Download the Quickstart Script📜
Run the following commands in your terminal to download the quickstart script, which you will use in the next step:
export REGISTRY1_USERNAME=YOUR_REGISTRY1_USERNAME
export REGISTRY1_TOKEN=YOUR_REGISTRY1_TOKEN
export REPO1_LOCATION=LOCATION_ON_FILESYSTEM_TO_CHECK_OUT_BIGBANG_CODE
curl --output quickstart.sh https://repo1.dso.mil/big-bang/bigbang/-/raw/master/docs/assets/scripts/quickstart.sh?ref_type=heads
Build the Cluster📜
Using a VM or other hardware you built yourself📜
- Spin up an Ubuntu VM somewhere with 8 CPUs and 32gB of RAM. Make sure you can SSH to it.
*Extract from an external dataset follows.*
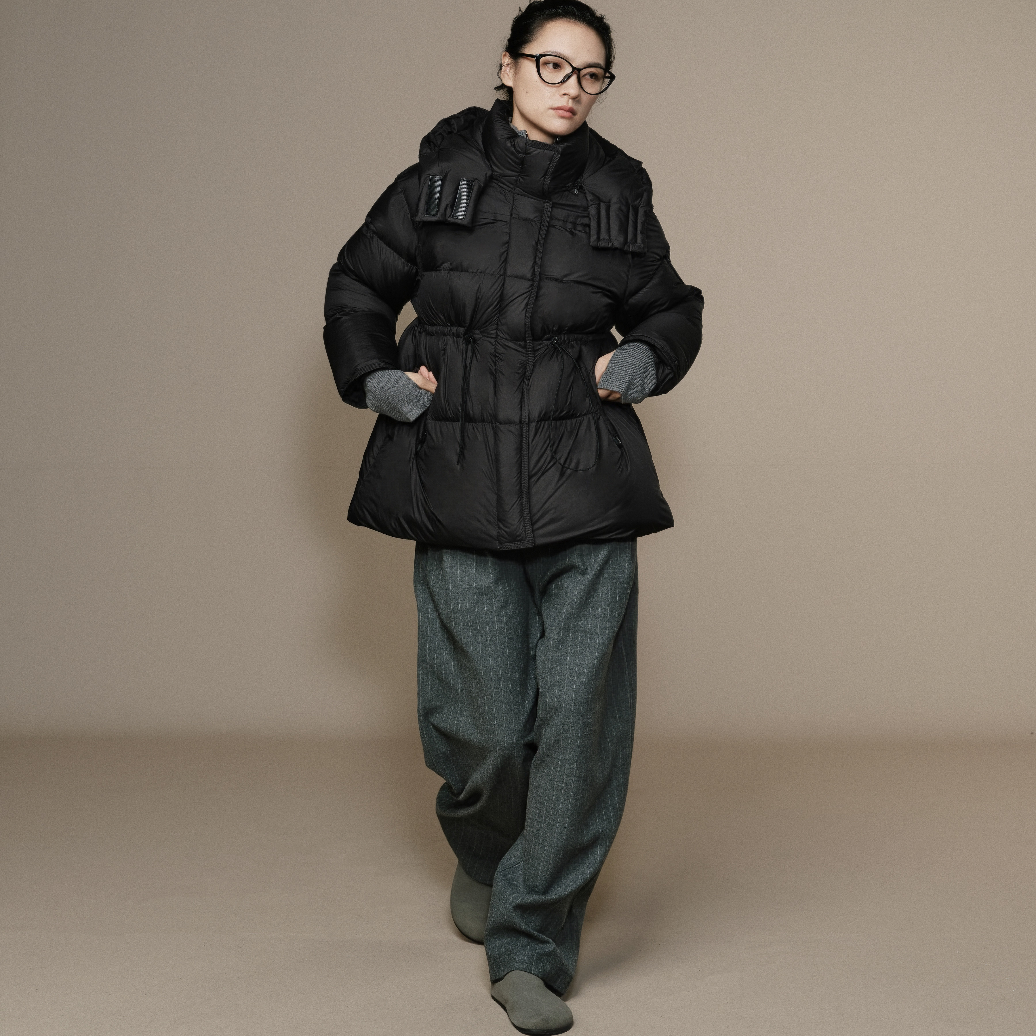 露韵诗泡芙款可调整收腰中长时尚保暖羽绒服021

It doesn’t matter what cloud provider you’re using, it can even be on your local system if you have enough horsepower for it.
- Run the following command in your command terminal:
bash quickstart.sh
-H YOUR_VM_IP \
-U YOUR_VM_SSH_USERNAME \
-K YOUR_VM_SSH_KEY_FILE_PATH
Using Amazon Web Services📜
- If your system is already configured to use AWS via the
aws-cli
and you don’t want to go to the trouble of building your own VM, the quickstart can attempt to do it for you; simply run the quickstart with no arguments. Pay attention to the script output; the IP addresses of the created AWS EC2 instance will be printed after the cluster is built and before big bang is deployed. You may need these later.- The quickstart is only so smart, and AWS environments can vary greatly. If the quickstart is not able to build an EC2 instance in AWS for you, please go build an EC2 instance suitable for your use case, then come back and follow the instructions for “Using a VM or other hardware you built yourself”.
- Run the following commands in your command terminal:
bash quickstart.sh
It’s thinking📜
The process takes about 45 minutes. Make a sandwich, go for a walk, play with the dog. Check on it every 10 minutes or so. Once the command finishes, your cluster should be ready to use. Proceed to fix your DNS and access your big bang installation.
If it seems like it’s taking too long, the script will tell you what it’s currently waiting on. The most frequent cause of long delays is slow connection between your cluster and registry1. All container images are fetched from registry1, so if your cluster is running on a slow internet uplink, this process can take a long time the first time bigbang is deployed. If your helmreleases say PodInitializing
or ContainerInitializing
or Init:2/3
for a long time, this is usually the cause. There’s not much cure for this but patience. Try contemplating the nature of the universe, marvel at the fact that object oriented COBOL exists in current year
, or peruse the Commander’s reading list.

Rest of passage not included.